Panic is setting in about Italy, the world's eighth-largest economy. Zillow finds that residential prices have been flat for the last two quarters. And the trucking-based Pulse of Commerce index rose 1.1 percent last month.

November 10, 2011
By Dees Stribling, Contributing Editor

Courtesy Flickr Creative Commons user bigcityal

Greece can’t seem to form a new government to deal with its problems, but the world isn’t much interested any more, now that panic has set in about Italy. The Italian economy is one of the world’s largest — number eight according to the IMF, World Bank and the CIA, at around $2 trillion in GDP last year — and faces the prospect of defaulting on its euro-denominated debt ($2.5 trillion worth), now that interest rates on Italian sovereign debt have shot above the psychologically important 7 percent.

Will the departure of Italian Prime Minister Silvio Berlusconi help? He’s already a has-been, it seems, but no one’s sure who’s going to emerge from the collapse of his government or what they’ll be able to do about the country’s debt. Will the European Central Bank step up and do a full Bernanke, buying assets like there’s no tomorrow to settle things down? It doesn’t have the authority to do so, despite that “central bank” in its title, and the real muscle in the euro-zone, the Germans, don’t seem to care much for the idea of giving it that authority. What about the European Financial Stability Facility? Good for Greece, maybe, but for an economy the size of Italy, that’s like using a garden hose to fight a house fire.

Now that the Italian contagion seems to be on the loose, investors, panicky creatures that they are, headed for the door on Wednesday, with equities markets worldwide seeing large losses. The Dow Jones Industrial Average lost 389.24 points, or 3.2 percent, while the S&P 500 declined 3.67 percent and the Nasdaq dropped a whopping 3.88 percent.

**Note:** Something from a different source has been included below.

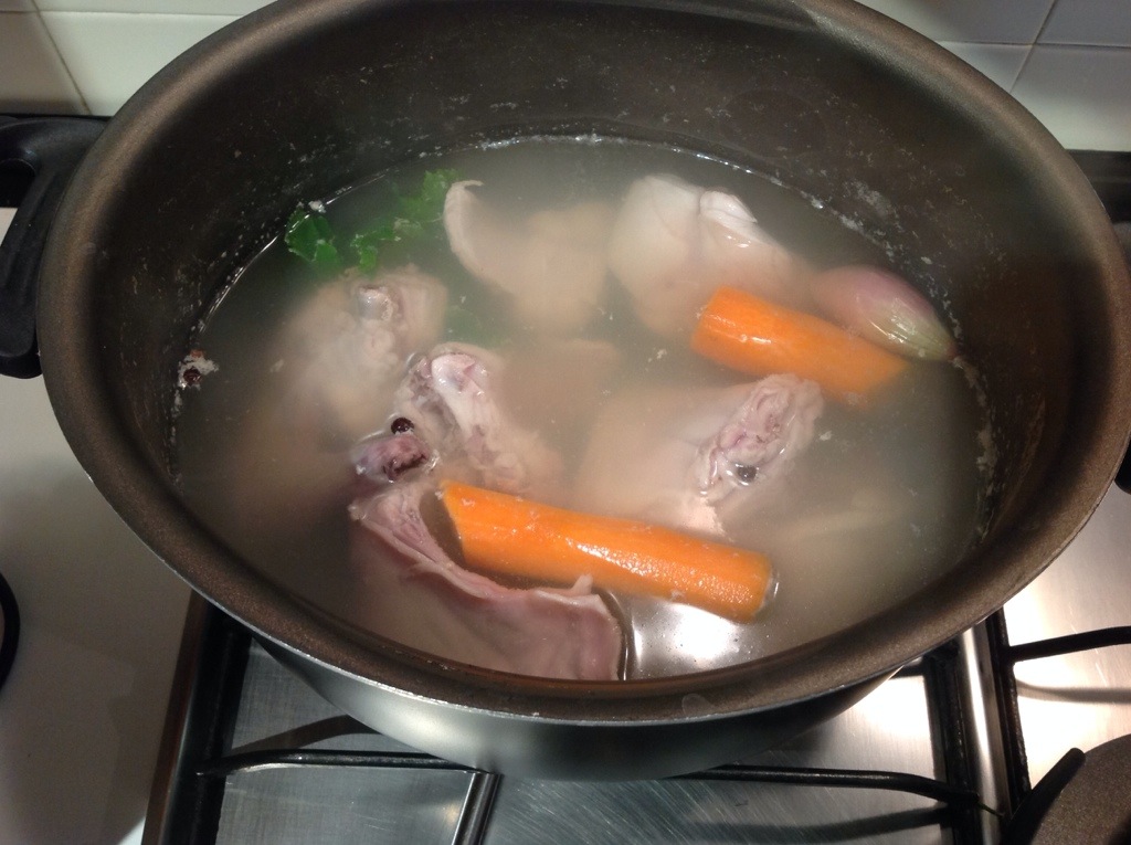 Lavo bene il coniglio in acqua fredda e lo aggiungo al brodo, il mio era a pezzi, meglio metterlo intero

Zillow Says That Home Prices Flat in 3Q

Zillow.com, in its Q3 Zillow Real Estate Market Report, says that U.S. residential real estate prices are essentially flat, dropping only 0.2 percent between the second and third quarter of 2011. Zillow figures that prices are down 4.4 percent since the third quarter of 2010. The U.S. Zillow Home Value Index stood at $171,500 as of the third quarter of 2011, down from a bubble-era peak of $249,700 in the second quarter of 2006.

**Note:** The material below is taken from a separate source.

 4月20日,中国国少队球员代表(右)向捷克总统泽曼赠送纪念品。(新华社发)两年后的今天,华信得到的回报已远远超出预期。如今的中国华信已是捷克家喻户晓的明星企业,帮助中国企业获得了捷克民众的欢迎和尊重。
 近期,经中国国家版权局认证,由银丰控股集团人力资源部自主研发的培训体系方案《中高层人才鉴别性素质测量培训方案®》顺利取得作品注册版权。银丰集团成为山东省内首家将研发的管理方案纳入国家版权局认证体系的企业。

Of the 157 metro markets that Zillow tracks, 105 showed a quarterly decline in prices, 26 saw gains, and the remaining 26 markets were flat. A handful of markets have seen three quarters’ worth of appreciation in row — Bay City Mich.; Destin, Fla.; Fort Collins, Colo.; Pueblo; Colo.; and Springfield, Ohio.

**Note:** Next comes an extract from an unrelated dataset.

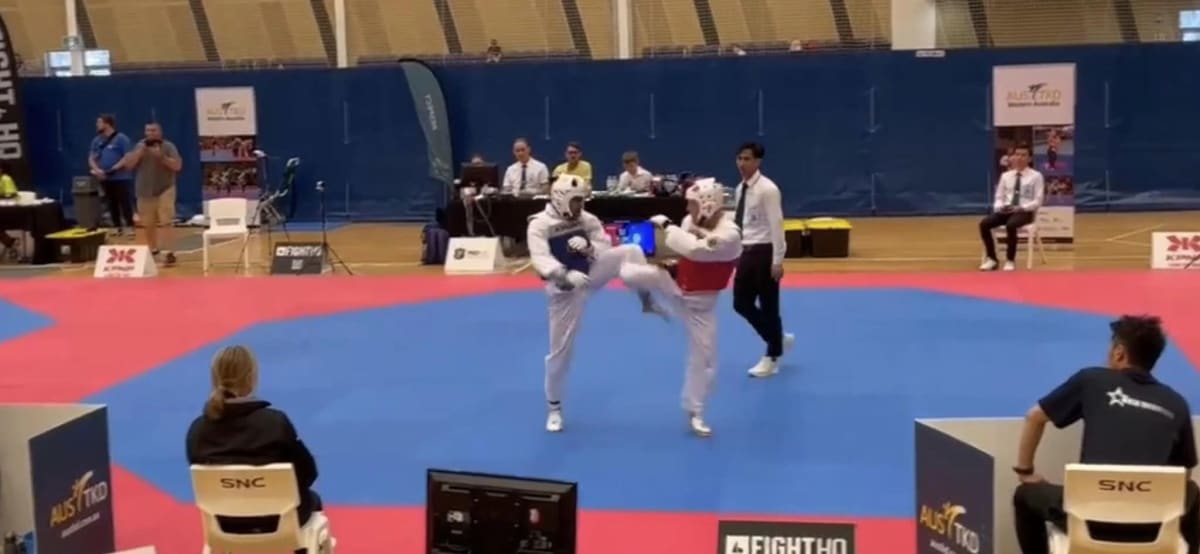 Competing in Perth in October, he won two gold medals to become the Australian national champion in taekwondo fighting and the Australian national champion in taekwondo poomsae in his division.

Zillow added that the foreclosure liquidation rate declined to 8.7 out of every 10,000 homes in September, compared with 10.7 out of every 10,000 homes a year earlier. The company chalked up much of that change to last year’s revelation of robo-signing throwing a monkey wrench in the process. Also, some 28.6 percent of all single-family homeowners, according to Zollow, are under water (“negative equity,” as the company so tactfully puts it), an increase from the second quarter, when the rate was 26.8 percent.

Pulse of Commerce Index Sees Uptick

The unusual and little-cited (but perhaps telling) Ceridian-UCLA Pulse of Commerce Index, which was released on Wednesday by the UCLA Anderson School of Management and Ceridian Corp., rose 1.1 percent in October after three consecutive months of negative numbers. The index is based on real-time diesel fuel consumption data for over-the-road trucking and serves as an indicator of the state and possible future direction of the U.S. economy. The more stuff is sent on trucks, the thinking goes, the better.

On a year-over-year basis, the index was up 1.3 percent in October. That contrasts with the trend over the prior four months, during which where the year-over-year change in the index was rapidly declining.

“The October data offer some welcome relief from the double-dip fears that were rampant a month ago, but one month does not mean a new trend,” Ed Leamer, chief economist for the Ceridian-UCLA Pulse of Commerce Index and director of the UCLA Anderson Forecast, said in a statement. “Until we get a series of positive months, it remains a she-loves-me, she-loves-me-not economy with bad news followed by good followed by bad.”